Decryng that the Biden Administration will put too much emphasis on benefits and not enough costs, expect these voices to get amplified by conservative media. However, the reversals and clamp-downs on benefits was uniquely vicious in the Trump era. If anything, the Biden Adminsitration is simply righting wrongs perpetrated over the past four years.

In the Trump era cost-benefit analyses (CBA), which have long been part of regulatory review, have narrowed and chiefly leaned into the cost side of the equation. We’ve written before about how things like “co-benefits”, e.g., health benefits, were to be ignored in analyzing the benefits side. Just consider what happened in the Mercury Rule. In installing equipment to cut down on mercury, particulate matter (soot) was also reduced with significant health benefits. These, would be excluded, as they were not the intent.

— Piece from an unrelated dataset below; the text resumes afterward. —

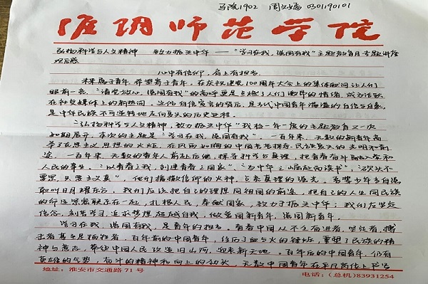 ”青年强则国强,青年兴则国兴。而作为老员工的我们,更应以展翅翱翔的勇气直击长空,以朝气蓬勃的姿态扶摇直上!秉承“崇德、励志、博学、笃行”的校训,坚守朴实、追求崇高,在周恩来精神的引领下,永不言弃,勇攀高峰!将小我奋斗融入大我洪流,将“永久奋斗”定格为人生总基调,以青春之我助力时代复兴,在星辰大海的征途中,唱响奋斗之歌,发出“强国有我、请党放心”的铮铮誓言!

With some minor tuning with each Administration, the CBA process has worked pretty well. Here’s how American Progress describes it: “…whenever an agency has proposed a new federal regulation, it has needed to quantify the costs and benefits to the greatest extent possible, including those that are indirect or ancillary, known as co-costs and co-benefits; analyze the unquantifiable costs and benefits; and put forward a recommended agency action for OIRA to review and approve.”

Nobody likes excessively burdensome regulations but neither should we like forces that inflate costs while simultaneously restricting how reaped benefits can be included.